Rappel des faits présentés par l'auteur
1. L'auteur de la communication est Mme C. H. J. Cavalcanti Araujo-Jongen,
citoyenne néerlandaise, résidant à Diemen (Pays-Bas). Elle affirme être
victime d'une violation, par les Pays-Bas, de l'article 26 du Pacte international
relatif aux droits civils et politiques. Elle est représentée par un conseil.
2.1 L'auteur, née en 1939, est mariée à M. Cavalcanti Araujo. De septembre
1979 à janvier 1983, elle a travaillé comme secrétaire à temps partiel
(20 heures par semaine).
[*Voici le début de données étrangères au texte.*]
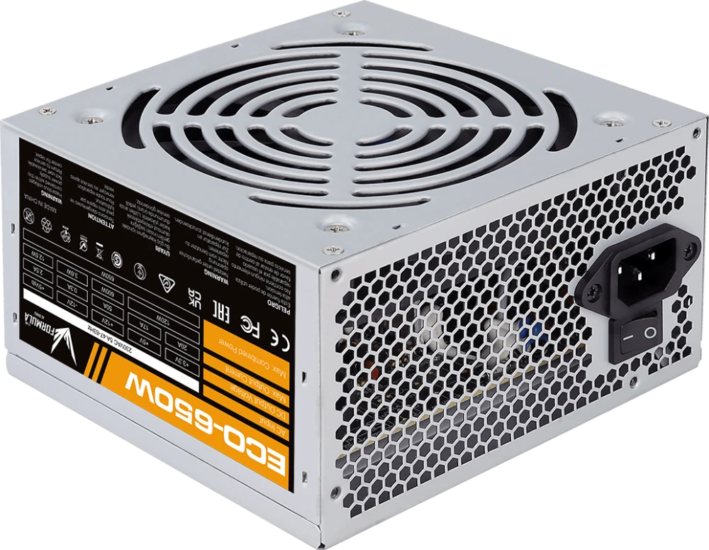ECO-650W Несмотря на то что блок питания ECO подходит для базовых сборок ПК, в него внедрили все технические особенности качественного блока питания: 12-см вентилятор с терморегулятором скорости, выходные защиты, а также чистый выходной постоянный ток с низкими шумами и пульсациями.

Le 1er février 1983, elle s'est retrouvée sans
emploi. En vertu de la loi sur le chômage, il lui a été accordé une allocation
de chômage. Conformément aux dispositions de la loi susmentionnée, cette
allocation lui a été servie pour la période maximum, soit six mois (jusqu'au
1er août 1983). L'auteur a trouvé un nouvel emploi par la suite et a recommencé
à travailler le 24 avril 1984.
2.2 Ayant bénéficié d'une allocation au titre de la loi sur le chômage
pour la période maximum, l'auteur, en sa qualité de chômeuse en 1983-1984,
affirme qu'elle avait droit à des allocations au titre de la loi alors
en vigueur sur les allocations de chômage pour une période maximum de
deux ans. Ces allocations s'élevaient à 75 % du dernier salaire reçu,
tandis que les allocations accordées au titre de la loi sur le chômage
représentaient 80 % de ce dernier salaire.
2.3 L'auteur a fait le 11 décembre 1986 une demande d'allocation au titre
de la loi sur les allocations de chômage auprès de la municipalité de
Leusden, localité où elle avait alors son domicile. Sa demande a été rejetée
le 8 avril 1987 au motif que, en tant que femme mariée n'ayant pas qualité
de soutien de famille, elle ne remplissait pas les conditions requises
par la loi en question. Ce refus se fondait sur l'article 13, paragraphe
1, premier alinéa, de la loi sur les allocations de chômage, qui ne s'appliquait
pas aux hommes mariés.
2.4 Le 2 juillet 1987, la municipalité a confirmé sa décision. L'auteur
s'est pourvue devant la Chambre des requêtes d'Utrecht, qui, par une décision
du 22 février 1988, a déclaré que sa demande était fondée; la décision
du 8 avril 1987 a donc été annulée.
2.5 La municipalité a formé à son tour un recours devant la Chambre centrale
des requêtes, qui, le 10 mai 1989, a confirmé les décisions antérieures
de la municipalité et annulé la décision de la Chambre des requêtes d'Utrecht.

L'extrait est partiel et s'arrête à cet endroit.